2-1-3- Où l'on retrouve la difficulté de la psychopédagogie, comme carrefour entre disciplines diverses, à se définir...

Nous avions souligné combien il était difficile pour la psychopédagogie de se définir elle-même. Les "rééducateurs en psychopédagogie" se trouveront confrontés à ces difficultés, tirés par l'institution Education Nationale, vers "le pédagogique", tentant des avancées plus psychopédagogiques malgré tout. Ils tenteront d'innover, d'articuler déjà une approche plus psychologique et relationnelle à leurs tâches de remédiation. L'absence de directives officielles, l'absence d'une théorisation préalable de la pratique et du cadre rééducatifs, faisaient que tout était à inventer, avec toute la liberté, mais aussi tous les risques d'errements que l'invention comporte. Cette difficulté de définition concernera les deux options de la rééducation.

Nombre de psychopédagogues, par leurs propres conceptions plus ou moins bien dégagées de leur première fonction enseignante, par la date de leur formation initiale de spécialisation, et le courant pédagogique dominant à ce moment là dans leur Centre de formation, ont pratiqué des activités de soutien ou de reprise des apprentissages, s'apparentant plus de la leçon particulière que d'une "stratégie de détour" proprement dite. Leur action était de toutes façons conçue comme une action intensive, directement centrée sur les apprentissages fondamentaux.

Les rééducateurs en psychomotricité ont peut-être éprouvé moins de difficultés à prendre une certaine distance vis à vis des apprentissages. Bien que leur approche était elle aussi centrée sur les symptômes, leurs références étaient plus "corporelles". Leur approche de l'enfant était déjà plus "globale" et faisait obligatoirement entrer en ligne de compte tout le registre des émotions, des sentiments, et l'importance de la relation de l'enfant au monde.
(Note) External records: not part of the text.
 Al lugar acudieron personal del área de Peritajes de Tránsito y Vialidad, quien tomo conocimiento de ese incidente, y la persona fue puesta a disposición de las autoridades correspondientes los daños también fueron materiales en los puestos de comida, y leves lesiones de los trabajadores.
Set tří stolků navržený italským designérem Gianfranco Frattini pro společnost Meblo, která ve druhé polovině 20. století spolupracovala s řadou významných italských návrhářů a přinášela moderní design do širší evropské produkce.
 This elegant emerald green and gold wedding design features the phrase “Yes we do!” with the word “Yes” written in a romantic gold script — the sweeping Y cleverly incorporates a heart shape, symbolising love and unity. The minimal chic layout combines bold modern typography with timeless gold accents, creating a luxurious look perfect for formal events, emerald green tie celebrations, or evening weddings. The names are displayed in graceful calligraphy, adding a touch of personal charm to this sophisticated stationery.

Le plaisir et le déplaisir, l'activité comme source de créativité et de construction intellectuelle, telle que les avaient expérimentés et théorisés les pédagogues de l'Ecole Nouvelle ou des méthodes actives, étaient l'assise de leur intervention. Leur fonction "officielle", les incitant à faire intervenir le corps comme médiation à la base des activités de l'enfant, leur permettait, par exemple, de mettre en oeuvre ce que FRÖBEL (1782-1852) ou Maria MONTESSORI (1870-1952), avaient préconisé: placer l'enfant dans les conditions les plus favorables à son activité, l'inciter à développer son potentiel, en manipulant pour intégrer le monde extérieur, en se connaissant mieux soi-même, dans un jeu considéré comme éducatif.
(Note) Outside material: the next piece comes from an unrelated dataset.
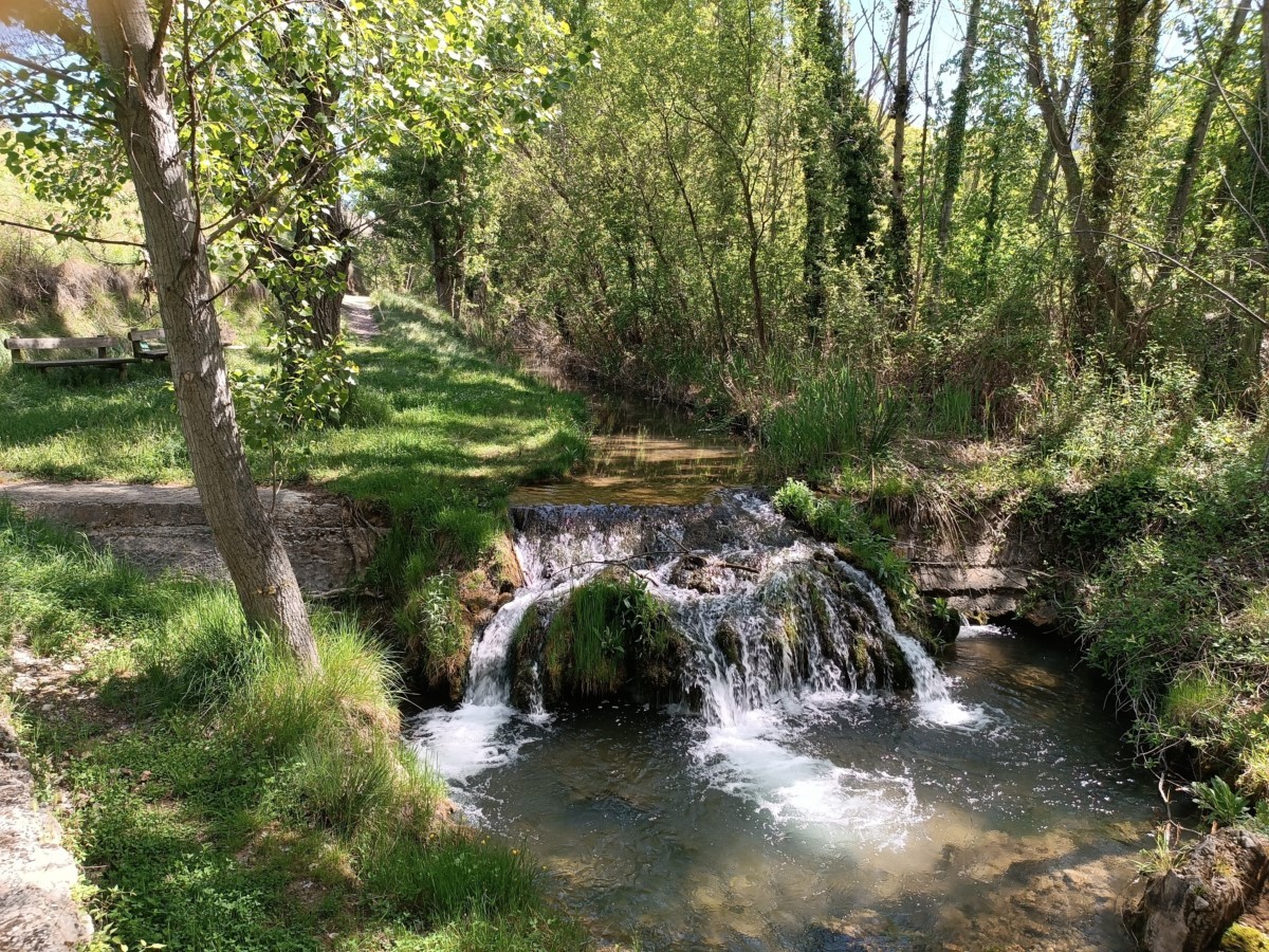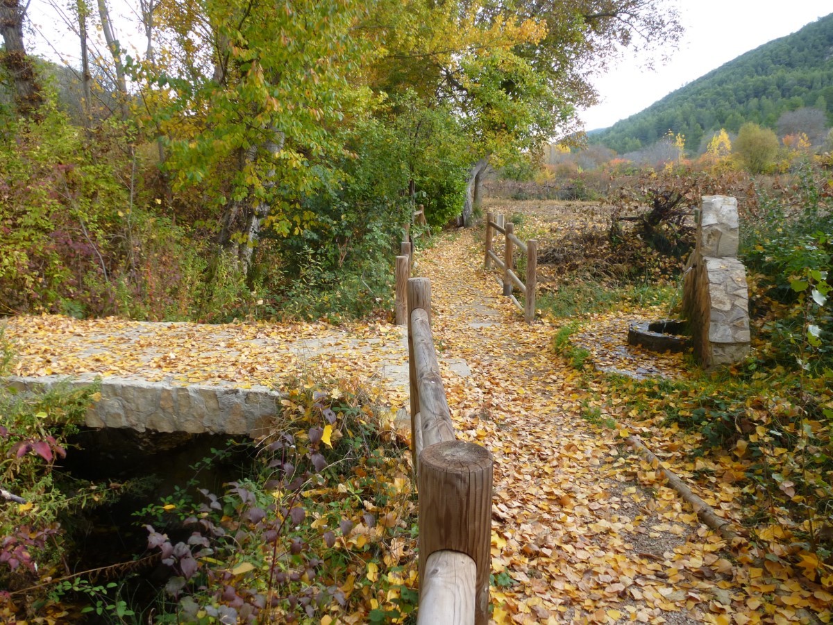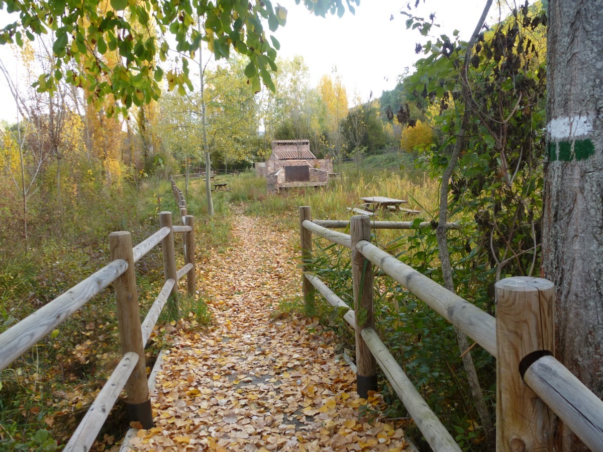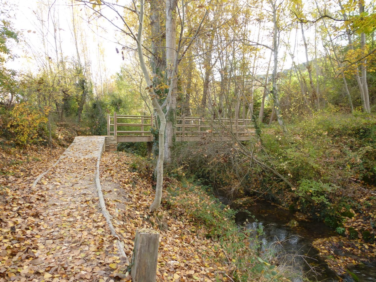 Atravesamos la carretera y un camino nos conduce hasta la orilla del río. Continuaos por una senda sinuosa, aguas arriba, bajo el bosque de ribera. Cruzamos el río por un puente de madera para situarnos en la margen derecha aguas arriba. Pasamos junto a potro puente de obra que no cruzamos y junto a la fuente de la Tía Chata. El bosque de ribera se ciñe al río y la vega se abre dando paso a pequeños huertos y terrenos de labor.

On peut faire l'hypothèse que c'est sans doute par la confrontation avec des situations en contradiction avec le "modèle" présumé de la rééducation de 1970, dans des situations "impossibles", que la rééducation a été contrainte d'inventer, d'évoluer . Le constat "clinique" d'un rééducateur confronté aux problèmes posés par sa pratique, conduit à retrouver une question déjà rencontrée, que l'on pourrait formuler ainsi: "En quoi les marges, les limites, au delà des oppositions et des tensions qu'elles supportent, et grâce à elles sans doute, sont stimulations à la créativité, à l'invention, à "aller de l'avant"?

Si l'on considère, comme FREUD l'affirmait, que l'on peut retrouver sensiblement les mêmes processus en jeu dans le domaine de la psychologie individuelle et dans celui de la psychologie collective, on peut faire un parallèle entre les processus en jeu sur le plan professionnel, et sur le plan du sujet "privé". Or‘ , "c'est par la crise que l'homme se créé homme, et son histoire transite entre crise et résolution, entre rupture et suture. Dans cet espace "entre", de vivantes ruptures en mortelles sutures, de fractures mortifiantes en unions créatives, dans cet espace du transitionnel - éventuellement espace transitionnel -, se jouent tous les avatars du social, du mental et du psychique qui tissent ensemble, quand on se place au lieu du sujet singulier, la singularité d'une personne." (KAES, 1979, p. 3).